---- Records for the task
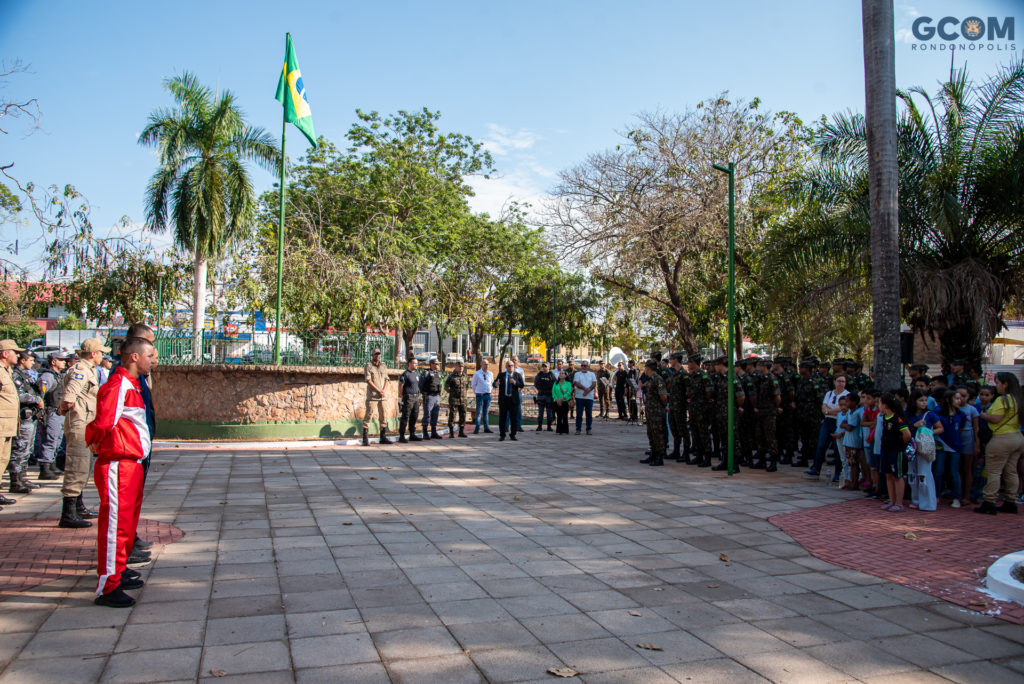 Populares que passavam pela Praça Brasil nesta manhã e alunos da Escola Estadual Militar Tiradentes Major PM Ernestino Verissimo da Silva e Escola Municipal Dom Wunibaldo Talleur acompanharam o ato de abertura da Semana da Pátria em Rondonópolis.
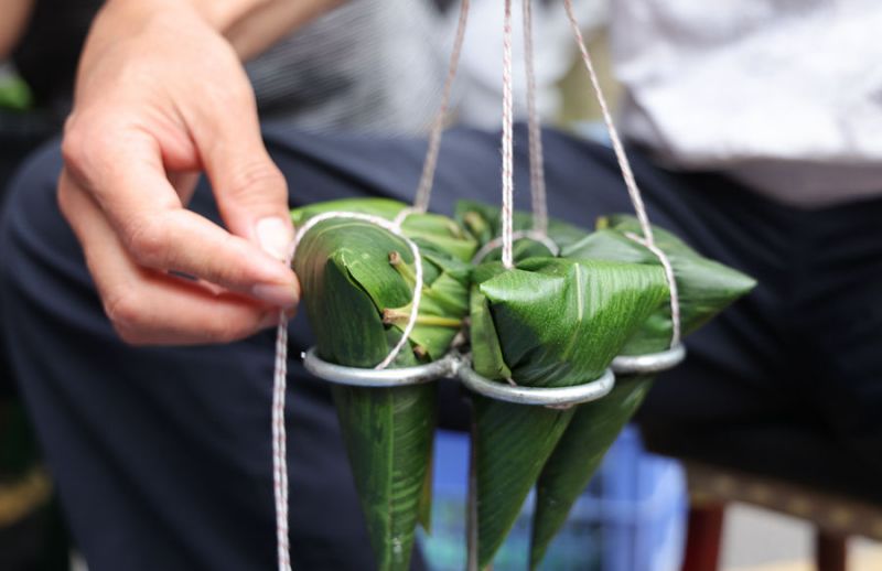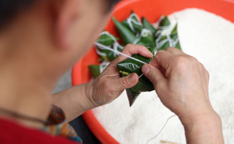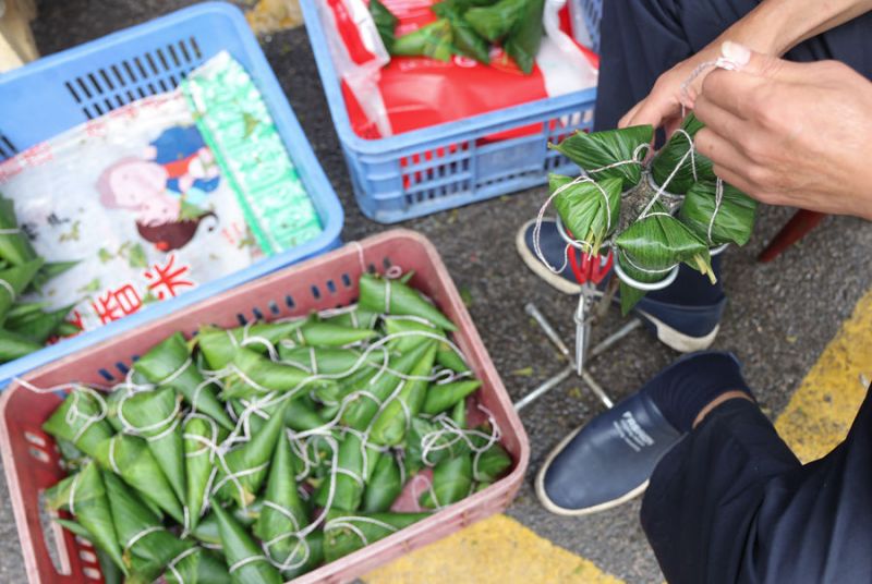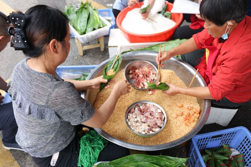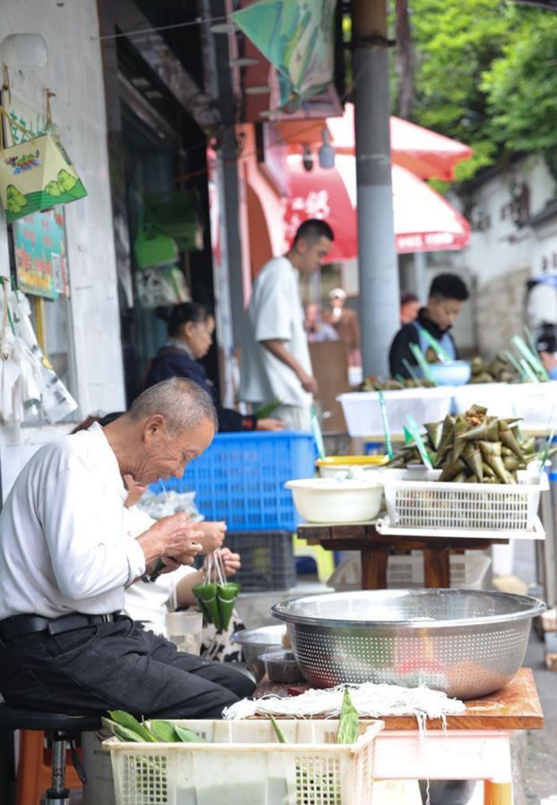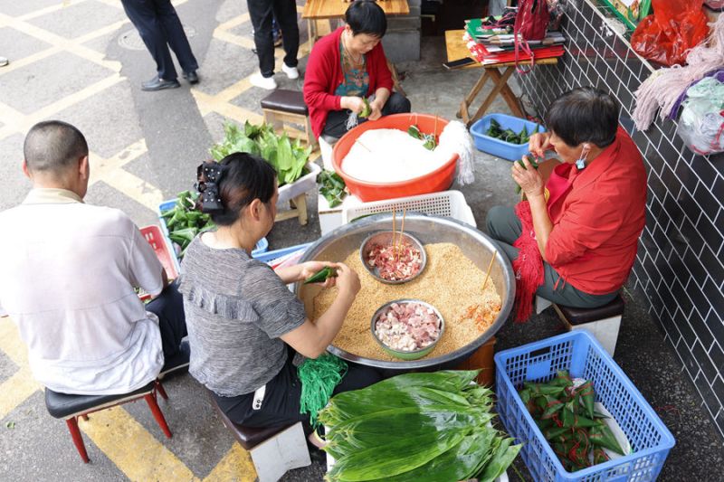 6月4日,在貴陽市云巖區(qū)文筆街商戶在包粽子。(張暉 攝)
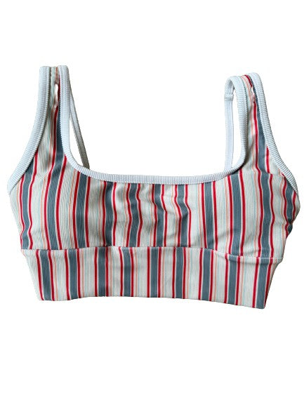 Ribbed bikini top, shelf bra/removable padding. Runs TTS. Mix and match with Red or Denim OTEX CERTIFIED MATERIAL, MADE IN THE USA.
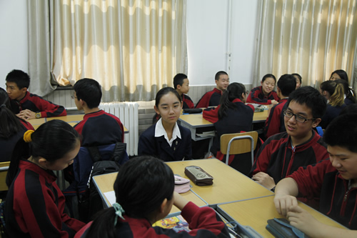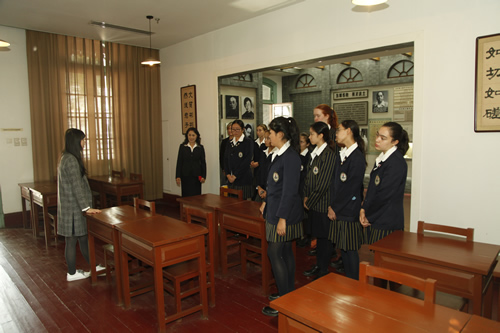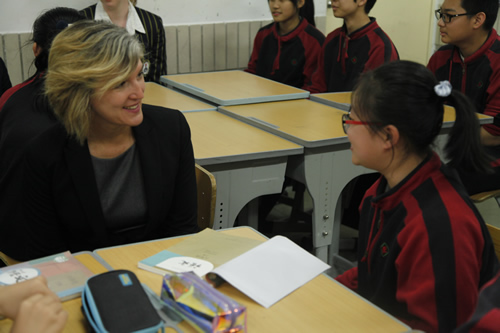 育文武女校的师生们首先来到初二12班,与该班学生一起上了一节马楠老师的英语课。精心的课堂设计和丰富的课堂活动为两校学生提供了良好的学习交流平台,同学们不仅学到了知识,而且加深了对彼此的了解。育文武女校师生还体验了具有中国特色的课外活动――课间操,参观了我校的文化设施和学科专业教室。随后,在接待室举行的欢迎仪式上,梁原草副校长代表学校对育文武女校师生的到来表示了热烈的欢迎,并介绍了学校的办学理念和国际化教育现状。育文武女校Arends主任对我校全人格教育理念表示赞同,并期待未来能够与我校开展更加深入的师生交流项目。最后,双方互赠学校吉祥物,并合影留念。
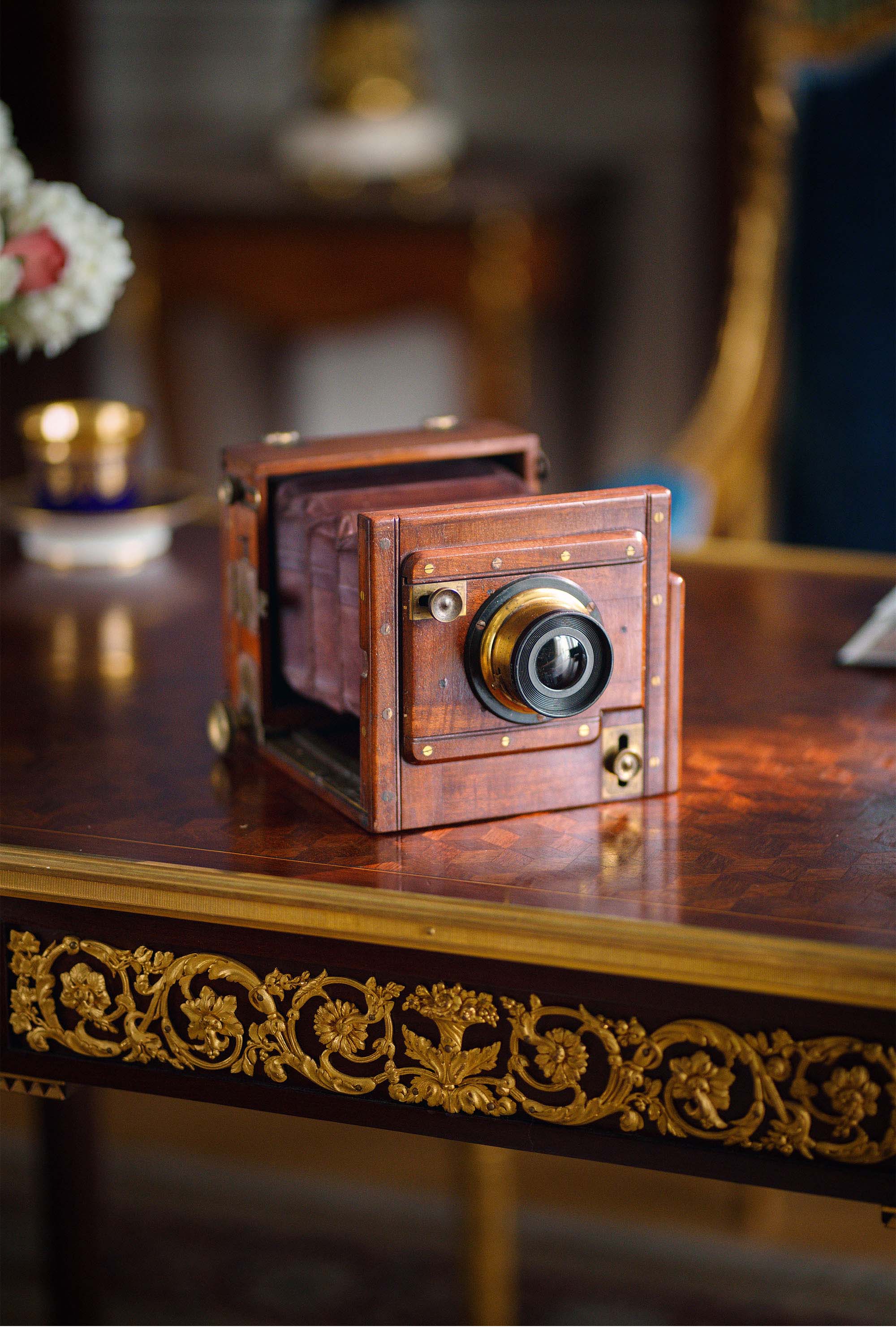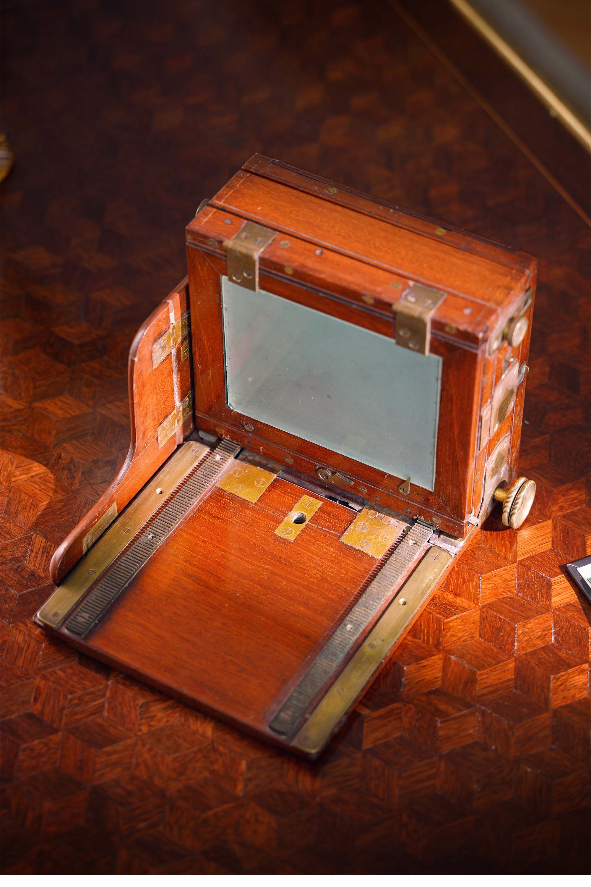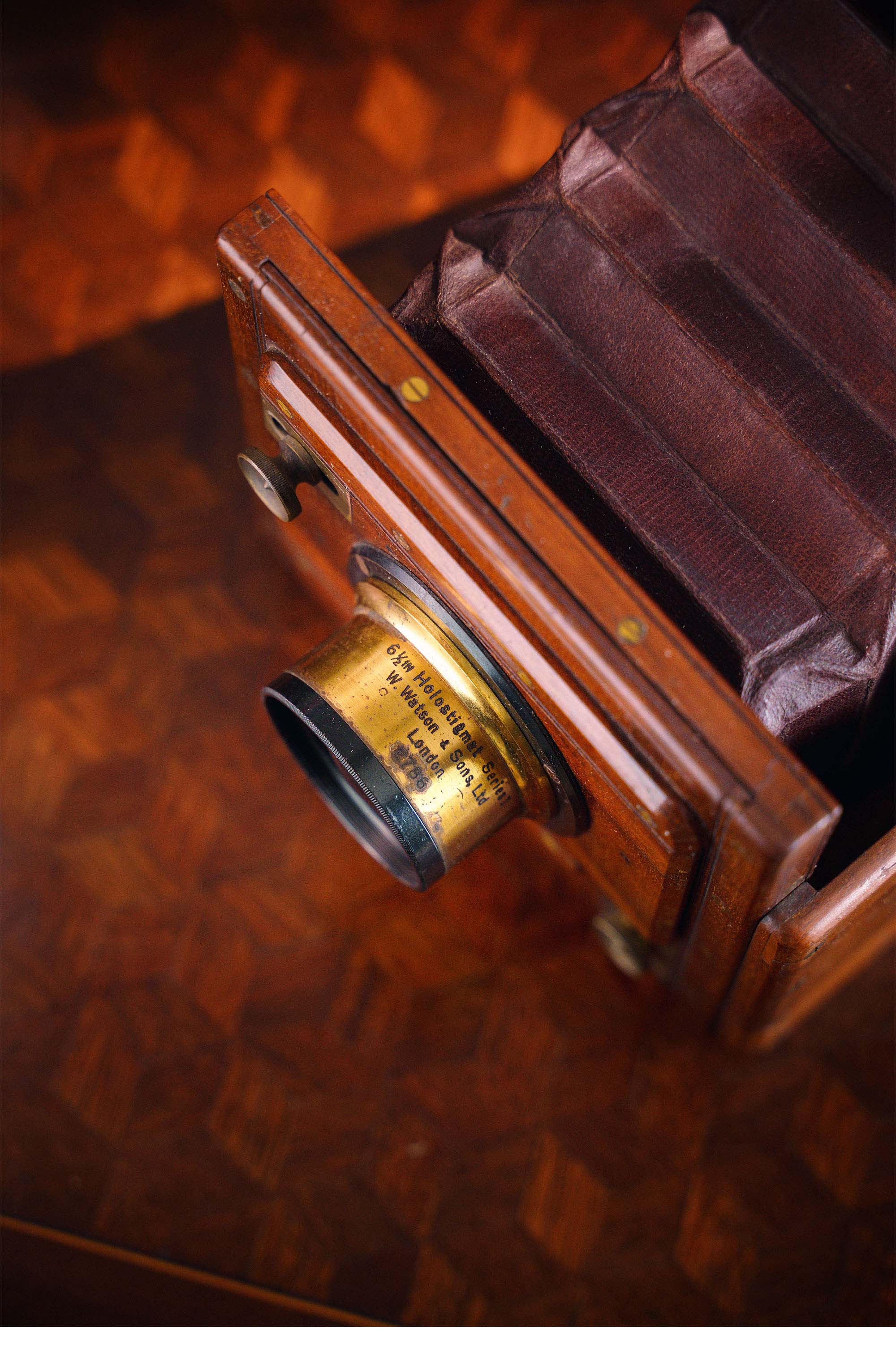 独角鹿西洋古董 英国著名品牌Watson & Sons出品桃花心木及牛皮装饰黄铜配件大画幅风琴机外景相机
--------
=== Your objective ===
Transcribe the entries above word for word, but leave every picture out of your copy.

=== Solution below ===
 Populares que passavam pela Praça Brasil nesta manhã e alunos da Escola Estadual Militar Tiradentes Major PM Ernestino Verissimo da Silva e Escola Municipal Dom Wunibaldo Talleur acompanharam o ato de abertura da Semana da Pátria em Rondonópolis.
 6月4日,在貴陽市云巖區(qū)文筆街商戶在包粽子。(張暉 攝)
 Ribbed bikini top, shelf bra/removable padding. Runs TTS. Mix and match with Red or Denim OTEX CERTIFIED MATERIAL, MADE IN THE USA.
 育文武女校的师生们首先来到初二12班,与该班学生一起上了一节马楠老师的英语课。精心的课堂设计和丰富的课堂活动为两校学生提供了良好的学习交流平台,同学们不仅学到了知识,而且加深了对彼此的了解。育文武女校师生还体验了具有中国特色的课外活动――课间操,参观了我校的文化设施和学科专业教室。随后,在接待室举行的欢迎仪式上,梁原草副校长代表学校对育文武女校师生的到来表示了热烈的欢迎,并介绍了学校的办学理念和国际化教育现状。育文武女校Arends主任对我校全人格教育理念表示赞同,并期待未来能够与我校开展更加深入的师生交流项目。最后,双方互赠学校吉祥物,并合影留念。
 独角鹿西洋古董 英国著名品牌Watson & Sons出品桃花心木及牛皮装饰黄铜配件大画幅风琴机外景相机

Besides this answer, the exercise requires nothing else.